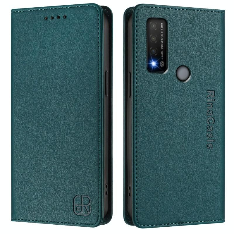 Θήκη τηλεφώνου δερμάτινη με μαγνητική απορρόφηση και διπλή πτυχή για TCL 20 R 5G RC01 (Μέντας Πράσινο)
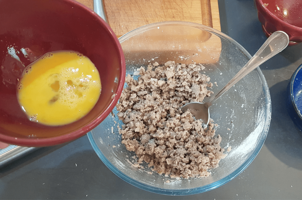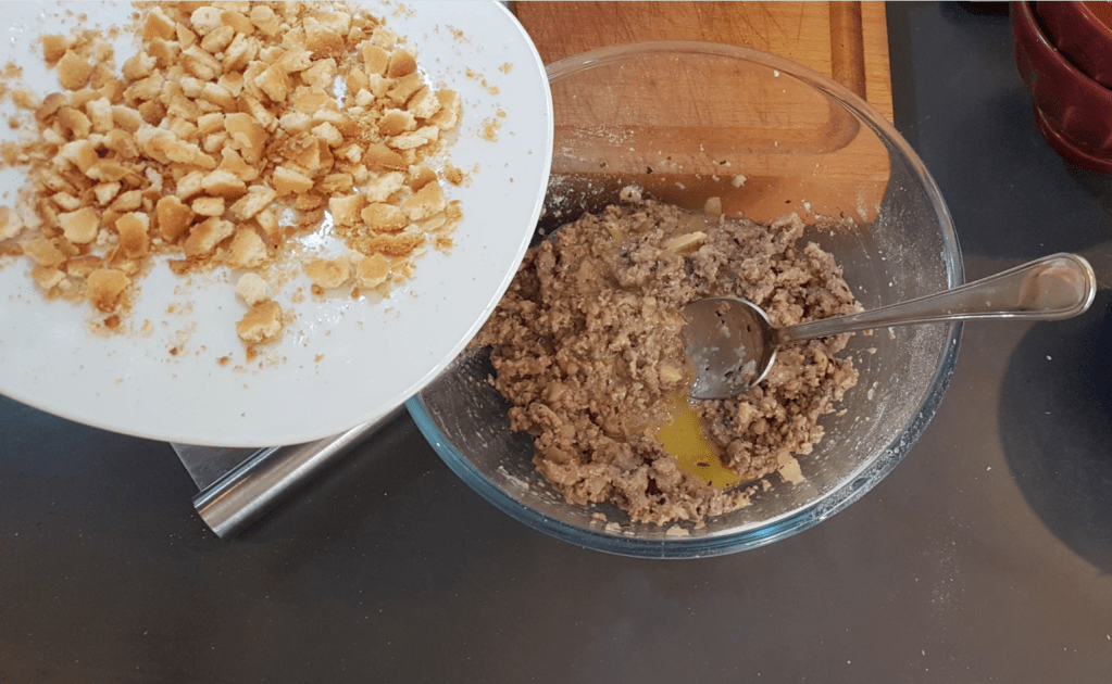 …et de la chapelure de pain, plus du sel et du poivre. Au final, la farce devra être souple et pas humide.
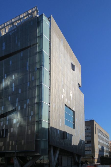 En interne, le bâtiment est conçu comme un véhicule pour favoriser la collaboration et le dialogue interdisciplinaire entre les trois écoles de l’université, auparavant situés dans des bâtiments séparés.
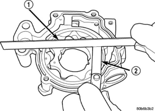 5. Place a straight edge (1) across the body of the oil pump (between the bolt holes), if a feeler gauge (2) of .095 mm (0.0038 in.) or greater can be inserted between the straightedge and the rotors, the pump must be replaced.
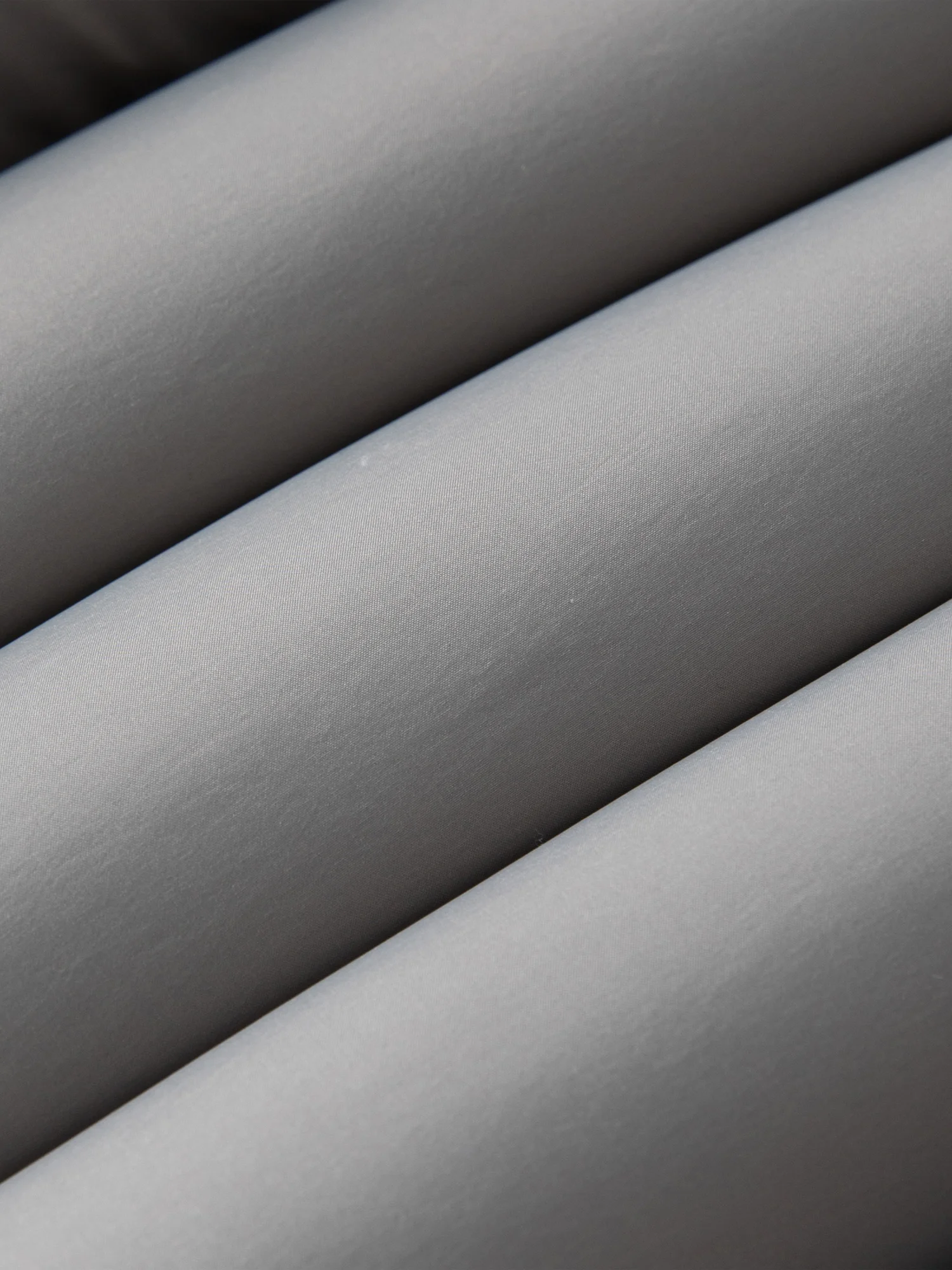Q? What is the fabric composition and how does it feel?A Crafted from 100% nylon broadcloth, the fabric is lightweight yet durable with a smooth texture, providing reliable protection against wind and light moisture.
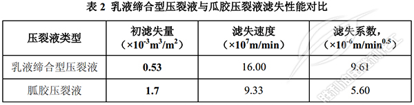 壓裂液的濾(lǜ)失性是影響(xiǎng)壓裂液造縫(feng)能力的重要(yào)因素,利用濾(lü)失儀在實驗(yàn)室條件下,對(duì)乳液締合壓(yā)裂液與常規(guī)瓜膠壓裂液(yè)濾失性能對(dui)比 (表 2 )。
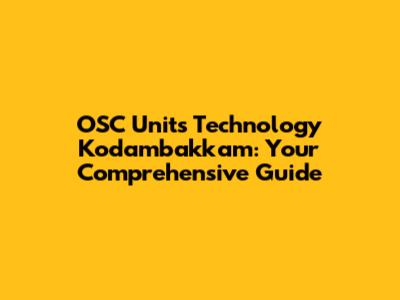 Hey guys! Welcome to the ultimate guide on OSC Units Technology in Kodambakkam. If you're scratching your head about what that even means, don't sweat it. We're diving deep into everything you need to know about this fascinating technology and how it's making waves in the Kodambakkam area. Let's get started!

===

The problem: Retype the entries above exactly. Stop after the line containing "Q? What is the", and omit the pictures.

Output of the task:
 Θήκη τηλεφώνου δερμάτινη με μαγνητική απορρόφηση και διπλή πτυχή για TCL 20 R 5G RC01 (Μέντας Πράσινο)
 …et de la chapelure de pain, plus du sel et du poivre. Au final, la farce devra être souple et pas humide.
 En interne, le bâtiment est conçu comme un véhicule pour favoriser la collaboration et le dialogue interdisciplinaire entre les trois écoles de l’université, auparavant situés dans des bâtiments séparés.
 5. Place a straight edge (1) across the body of the oil pump (between the bolt holes), if a feeler gauge (2) of .095 mm (0.0038 in.) or greater can be inserted between the straightedge and the rotors, the pump must be replaced.
Q? What is the fabric composition and how does it feel?A Crafted from 100% nylon broadcloth, the fabric is lightweight yet durable with a smooth texture, providing reliable protection against wind and light moisture.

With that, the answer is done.